Rééquilibrer l’économie des données : les startups pour un redémarrage


L’ère des mégadonnées a créé des ressources précieuses pour des résultats d’intérêt public, comme les soins de santé. Au cours des 18 derniers mois, la rapidité avec laquelle les scientifiques ont pu réagir à la pandémie de covid-19 – plus rapidement que toute autre maladie de l’histoire – a démontré les avantages de la collecte, du partage et de l’extraction de valeur des données pour un bien plus large.

L’accès aux données de 56 millions de dossiers médicaux de patients du National Health Service (NHS) a permis aux chercheurs en santé publique du Royaume-Uni de fournir certaines des données les plus solides sur les facteurs de risque de mortalité par covid et les caractéristiques de la longue covid, tandis que l’accès aux dossiers de santé sensibles s’est accéléré le développement de traitements médicaux vitaux comme les vaccins à ARN messager produits par Moderna et Pfizer.

Mais équilibrer les avantages du partage de données avec la protection de la vie privée des individus et des organisations est un processus délicat, et à juste titre. Les gouvernements et les entreprises collectent de plus en plus de grandes quantités de données, suscitant des enquêtes, des inquiétudes concernant la confidentialité et des appels à une réglementation plus stricte.

« Les données alimentent de plus en plus l’innovation, et elles doivent être utilisées pour le bien public, tout en protégeant la vie privée des individus.
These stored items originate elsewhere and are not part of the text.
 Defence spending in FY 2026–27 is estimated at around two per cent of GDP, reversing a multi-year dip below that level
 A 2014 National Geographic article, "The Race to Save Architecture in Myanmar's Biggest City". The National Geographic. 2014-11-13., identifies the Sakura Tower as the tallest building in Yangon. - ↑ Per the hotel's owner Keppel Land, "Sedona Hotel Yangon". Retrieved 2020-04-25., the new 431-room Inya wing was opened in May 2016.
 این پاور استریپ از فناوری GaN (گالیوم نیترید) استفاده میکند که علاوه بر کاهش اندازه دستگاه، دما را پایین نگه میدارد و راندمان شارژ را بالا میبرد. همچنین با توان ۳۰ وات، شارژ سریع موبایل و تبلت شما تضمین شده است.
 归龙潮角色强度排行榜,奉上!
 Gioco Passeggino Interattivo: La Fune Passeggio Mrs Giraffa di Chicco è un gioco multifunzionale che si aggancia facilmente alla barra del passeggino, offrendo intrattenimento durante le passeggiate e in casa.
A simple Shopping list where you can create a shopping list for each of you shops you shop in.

C’est un terrain nouveau et inconnu pour l’élaboration des politiques, et cela nécessite une approche prudente », a écrit David Deming, professeur et directeur du Malcolm Wiener Center for Social Policy à la Harvard Kennedy School, dans un article récent du New York Times.

Un nombre croissant de startups – environ 230 et plus, selon Data Collaboratives— contribuent à donner aux citoyens, aux groupes à but non lucratif et aux gouvernements les moyens de mieux contrôler leurs données.
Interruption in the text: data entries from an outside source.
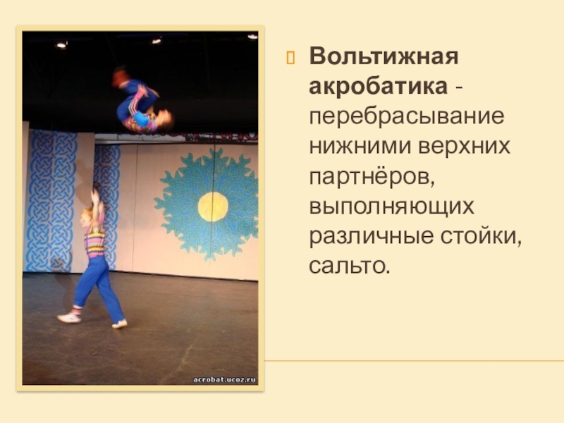 Слайд 18Вольтижная акробатика - перебрасывание нижними верхних партнёров, выполняющих различные стойки, сальто.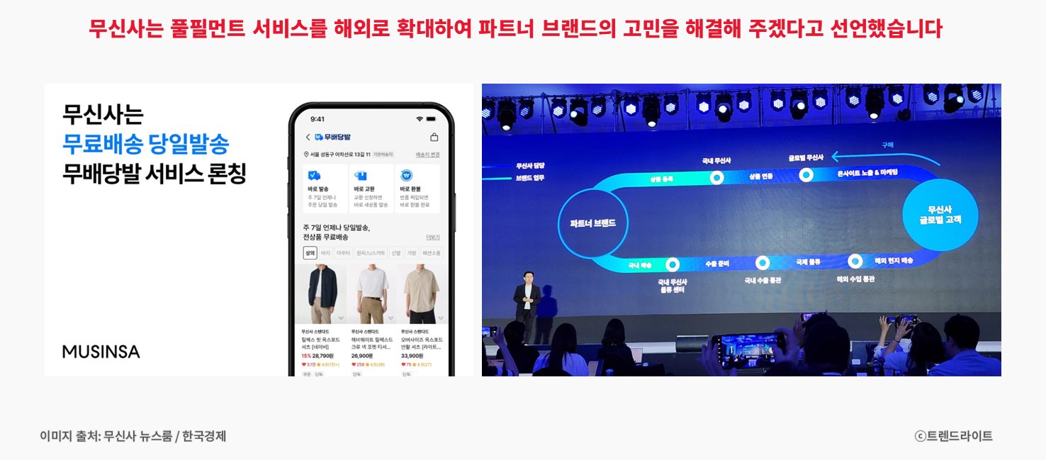 하지만 여기서 한 가지 의문이 생길 수 있습니다. 어차피 현지 파트너를 활용할 거라면, 굳이 무신사를 통해 진출할 필요가 있을까요? 특히 일정 규모 이상의 브랜드라면 직접 현지 플랫폼과 손잡는 게 더 효율적일 수 있습니다. 작은 브랜드는 무신사를 통해 진출하는 것이 합리적이지만, 어느 정도 성장한 브랜드는 상황이 다를 수 있죠. 그래서 무신사가 내세운 차별점이 바로 ‘물류’입니다.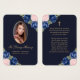 Belle carte de mémoire florale bleu et or/carte de prière funéraire avec une photo ornée de roses roses et bleus et de fleurs d'haleine de bébé sur un arrière - plan bleu foncé.
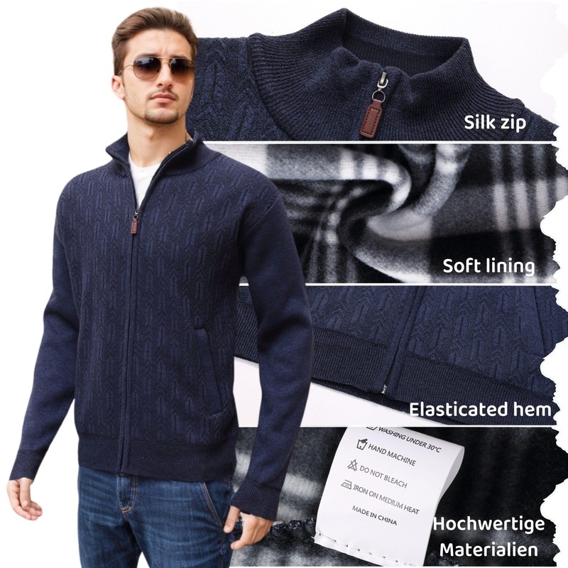 - Versatile transitional cardigan with long sleeves: This men's cardigan has a stylish stand-up collar and a practical zip. With 2 large pockets on the left and right side where you can store your phone and hands, you are dressed in style and comfort in any weather.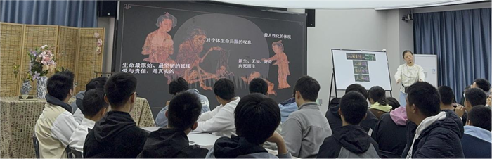 吴萌老师巧妙地将课程内容分解为“人间温情”、“生活艰辛”与“人间咏叹”三个维度。在“人间温情”部分,通过《货郎图》中货郎与孩童互动、琳琅满目的商品等细节,引导学生感受市井生活的盎然生机与朴素温情;在“生活艰辛”部分则结合历史背景,解读画作中隐含的底层民众奔波劳碌的生存状态;最后在“人间咏叹”部分,重点探讨了《骷髅幻戏图》这一独特作品,启发学生思考画家借骷髅傀儡戏所表达的对生命无常、浮生若梦的深刻哲思与咏叹。整堂课不仅让学生领略了古代绘画的精湛技艺,更使其深刻理解了艺术作为社会镜像的功能与价值。

Ces startups adoptent des structures juridiques et institutionnelles telles que des fiducies de données, des coopératives et des intendants pour fournir aux personnes et aux organisations un moyen de collecter et d’utiliser efficacement et en toute sécurité les données pertinentes et, ce faisant, d’assumer La maîtrise de l’économie des données par les Big Tech.
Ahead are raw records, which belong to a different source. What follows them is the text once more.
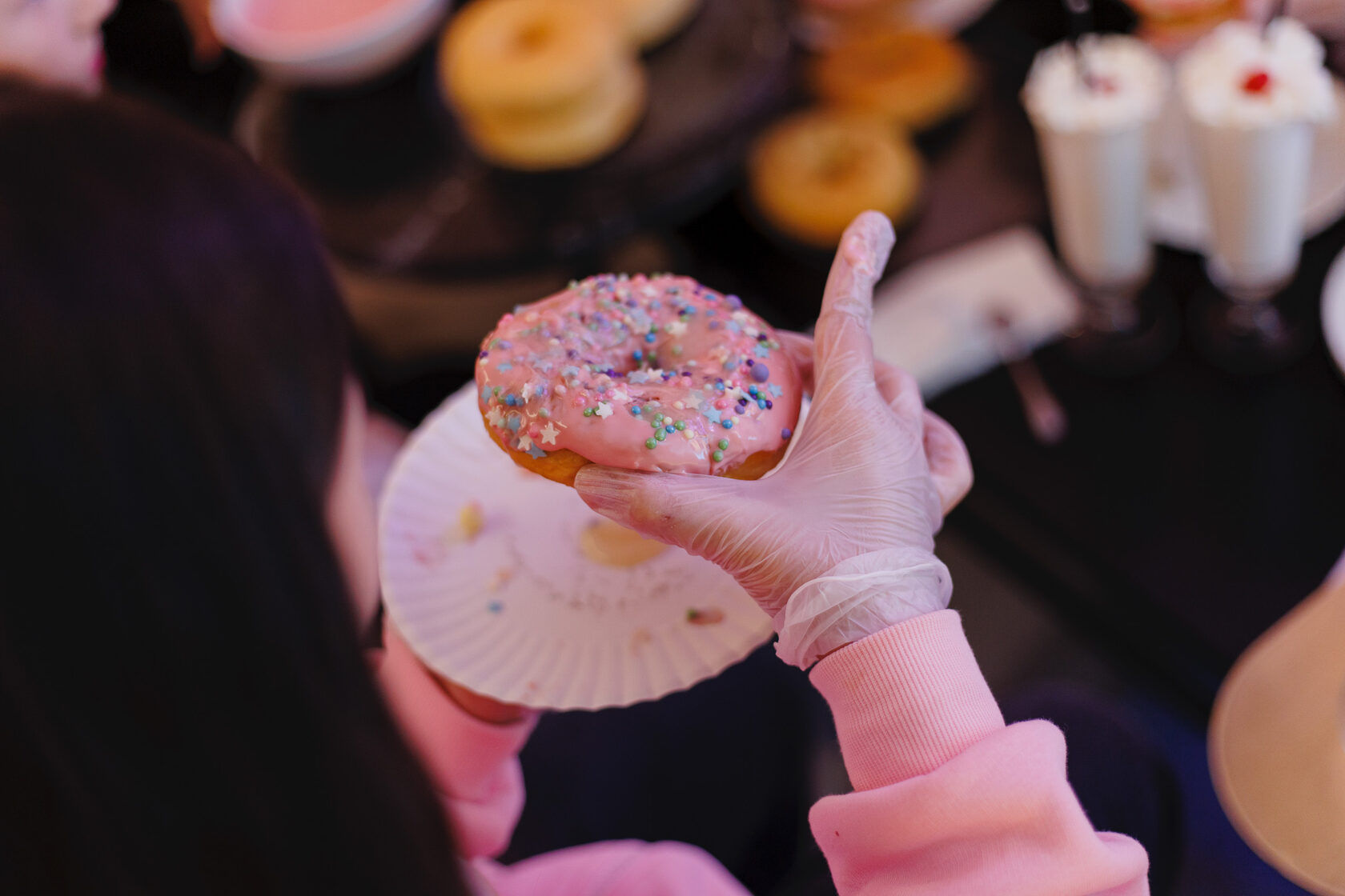 Сладкий пончик украшенный по собственному дизайну. Вкусный, таящий шоколад, разнообразие посыпок, любимый всеми топпинги и большой выбор начинка!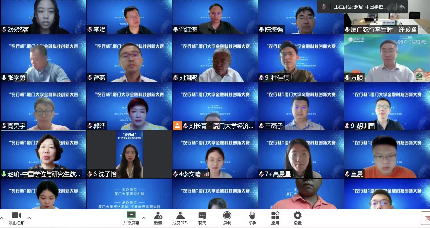 9月4日上午,“农行杯”第一届厦门大学金融科技创新大赛决赛顺利举行。中国学位与研究生教育学会副秘书长赵瑜,厦门大学校长助理、研究生院常务副院长方颖教授出席决赛。中国人民大学财政金融学院高昊宇副教授,北京大学数字金融研究中心副主任、北京大学计算与数字经济研究院副院长黄卓长聘副教授,武汉大学经济与管理学院金融系副主任、金融科技研究中心主任李斌教授,厦门农行网络金融部李军晖副总经理,南开大学金融学院副院长刘澜飚教授,厦门大学经济学院、王亚南经济研究院童晨助理教授,厦门大学信息学院、福建省智慧城市感知与计算重点实验室副主任王菡子教授,厦门农行科技与产品管理部数据分析部许峻峰经理,厦门大学管理学院副院长于李胜教授,南京大学工程管理学院院长俞红海教授,中山大学岭南学院保险与金融工程教研室主任曾燕教授,中央财经大学研究生院院长、金融学院院长张学勇教授应邀担任决赛评委,张学勇教授、刘澜飚教授分别任创意创新赛、算法挑战赛评审小组组长。决赛由厦门大学王亚南经济研究院副院长陈海强教授主持。决赛采用专家线上评审、参赛团队线上答辩的方式进行。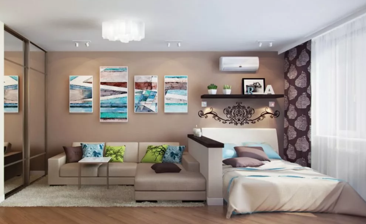 Компактные квартиры – тенденция современности, поэтому декораторы и производители мебели предлагают готовые формы организации пространства. Немного фантазии – и малоформатная комната преобразится в уютную гостиную со спальней без особых сложностей.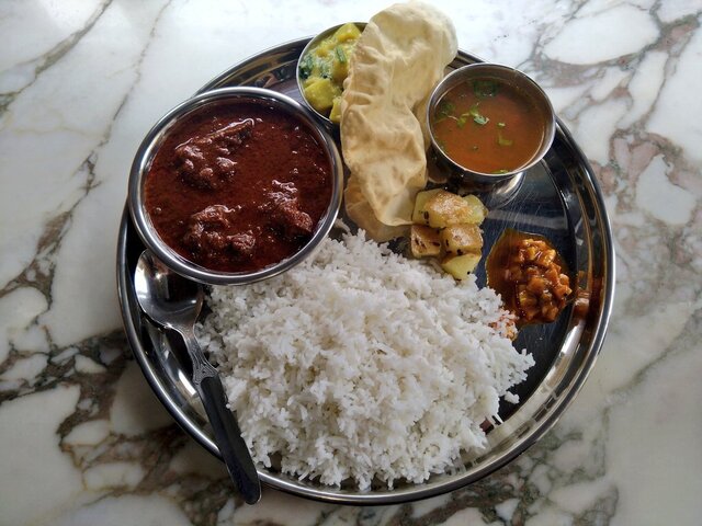ポークヴィンダルー、クートゥー、ラッサム、ポリヤル、ウールガイ、アッパラム、バスマティライスがワンプレートで提供されます。

« La relation entre les données et la société est fondamentalement rompue », déclare Matt Gee, PDG de Brighthive, qui aide les réseaux et les organisations à mettre en place des modèles de gouvernance alternatifs, notamment des fiducies de données, des communs de données et des coopératives de données.

« Nous pensons qu’il devrait être plus collaboratif que compétitif, qu’il devrait être plus ouvert et transparent, qu’il devrait être plus distribué et démocratique au lieu d’être monopolistique. C’est ainsi que nous rendons les gains plus équitables et réduisons les biais préjudiciables dans les données. »

Accès et contrôle

Comme l’a démontré la pandémie, la recherche médicale et la planification de la santé publique peuvent être enrichies par l’accès aux dossiers de santé électroniques, aux données sur les ordonnances et les médicaments et à l’épidémiologie. Mais les données sur la santé sont également très sensibles, avec un examen public compréhensible des efforts pour les partager. Ce que l’on appelle « l’utilisation secondaire », qui utilise les renseignements personnels sur la santé pour des utilisations en dehors de la prestation des soins de santé, nécessite un nouveau cadre de gouvernance.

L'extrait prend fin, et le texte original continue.